Under the Hood of Regression Metrics
May 12, 2025
As a car mechanic, you constantly estimate how long a job will take. Some estimates are spot-on. Others? Not so much.
Just like in real life, predictive models in data science try to estimate numerical outcomes — like repair times, sales, or costs. To understand how well your model performs, we use regression metrics.
Let’s explore five of them through one relatable analogy: estimating car repair time.
1. Mean Absolute Error (MAE)
“On average, how far off were my time estimates?”
MAE is the average absolute difference between your predicted time and the actual time.
Use MAE when you want a simple, interpretable measure of average error.
2. Mean Squared Error (MSE)
“Did I make any really bad mistakes?”
MSE squares each error before averaging, so large mistakes are penalized more heavily.
Use MSE when you want your model to avoid big errors — where being off by 3 hours is worse than three 1-hour misses.
3. Root Mean Squared Error (RMSE)
“What’s the typical size of my error — in hours?”
RMSE is just the square root of MSE. It still penalizes large errors but returns the result in the same unit as the original value (e.g., hours).
Use RMSE for interpretability with sensitivity to outliers.
4. R² Score (Coefficient of Determination)
“How well do my estimates explain the actual variation in repair times?”
R² tells you how much better your predictions are than just guessing the average.

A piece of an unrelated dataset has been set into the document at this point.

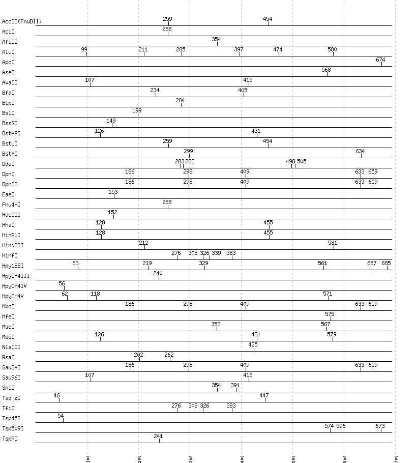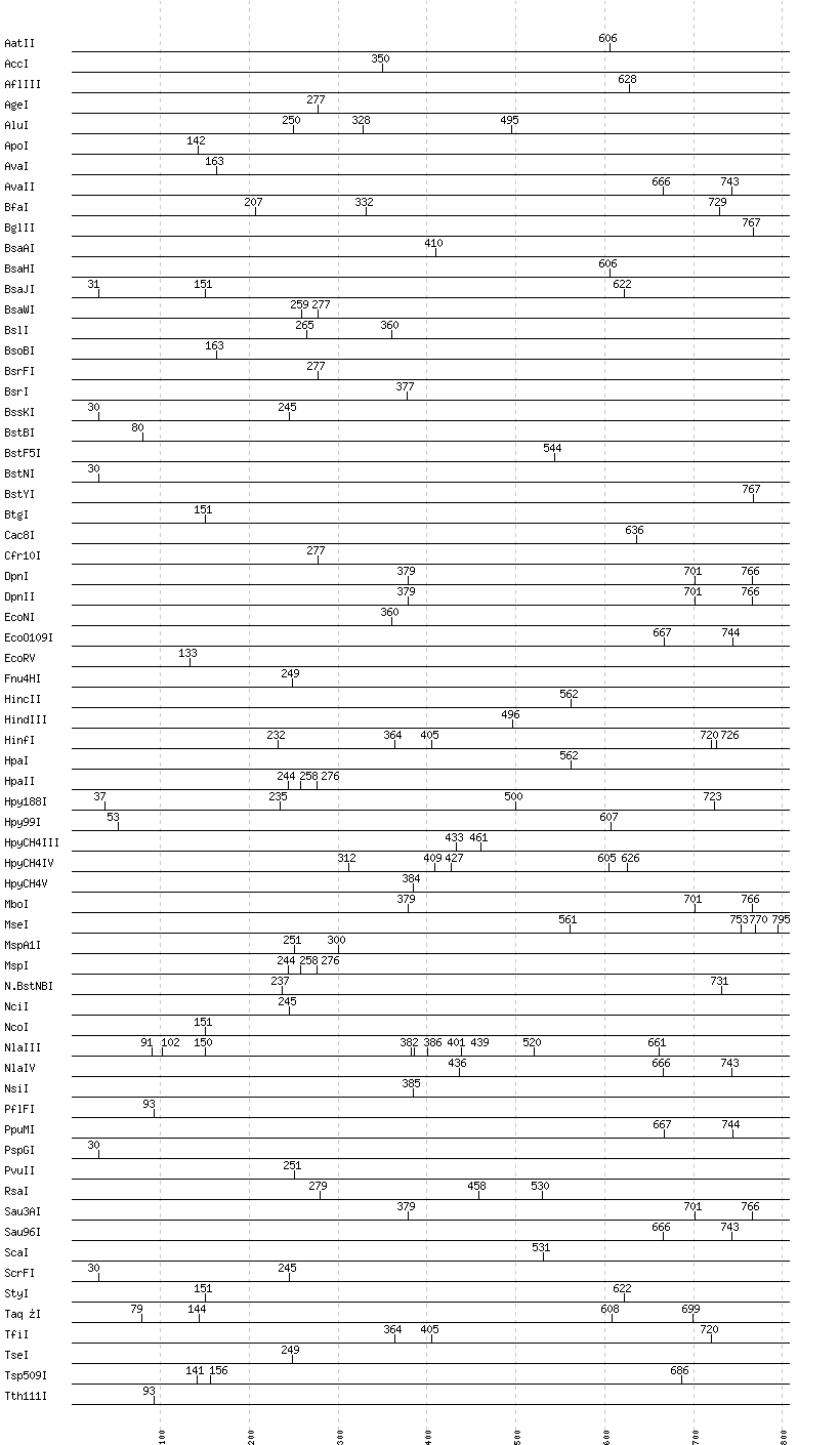 Uncut enzymes: Acc65I, AccII(FnuDII), AccIII(BspMII), AciI, AclI, AfeI, AflII, AhdI, AlwI, AlwNI, Aor51HI(Eco47III), ApaI, ApaLI, AscI, AseI, AvrII, BaeI, BalI, BamHI, BanI, BanII, BbsI, BbvCI, BbvI, BcgI, BciVI, BclI, BglI, BlpI, BmrI, BpmI, BsaBI, BsaI, BsaXI, BseRI, BsgI, BsiEI, BsiHKAI, BsiWI, BsmAI, BsmBI, BsmFI, BsmI, Bsp1286I, BspDI, BspEI, BspHI, BspMI, BspT107I(HgiCI), BsrBI, BsrDI, BsrGI, BssHII, BssSI, BstAPI, BstEII, BstUI, BstXI, BstZ17I, Bsu36I, BtrI, BtsI, ClaI, DdeI, DraI, DraIII, DrdI, EaeI, EagI, EarI, EciI, EcoRI, FauI, FokI, FseI, FspI, HaeII, HaeIII, HgaI, HhaI, HinP1I, HphI, I-CeuI, I-SceI, KasI, KpnI, MboII, MfeI, MluI, MlyI, MnlI, MscI, MslI, MwoI, NaeI, , NarI, NdeI, NgoMIV, NheI, NotI, NruI, NspI, PI-PspI, PI-SceI(VDE), PacI, PaeR7I, PciI, PflMI, PleI, PmeI, PmlI, PshAI, PsiI, PspOMI, PstI, PvuI, RsrII, SacI, SacII, SalI, SapI, SbfI, SexAI, SfaNI, SfcI, SfiI, SfoI, SgrAI, SmaI, SmlI, SnaBI, SpeI, SphI, SspI, StuI, SwaI, TliI, Tsp45I, TspRI, XbaI, XcmI, XhoI, XmaI, XmnI

Use R² to understand model quality.
- R² = 1 is perfect,
- R² = 0 is no better than guessing the average,
- R² < 0 means worse than guessing.
5. Adjusted R²
“Did adding more features (like car age or weather) really help?”
Adjusted R² accounts for the number of predictors in the model. It only increases if the new features improve the model meaningfully.
Use this when comparing models with different numbers of inputs.
Summary Table
Final Tune-Up
Just like mechanics live and die by their time estimates, data scientists live by their model metrics.
- MAE tells you your average miss.
- MSE and RMSE tell you if your misses are painful.
- R² tells you how well you understand what drives variation.
- Adjusted R² keeps you honest when you're adding complexity.
Pick the right metric for the job — whether you're under the hood or under the hood of your data.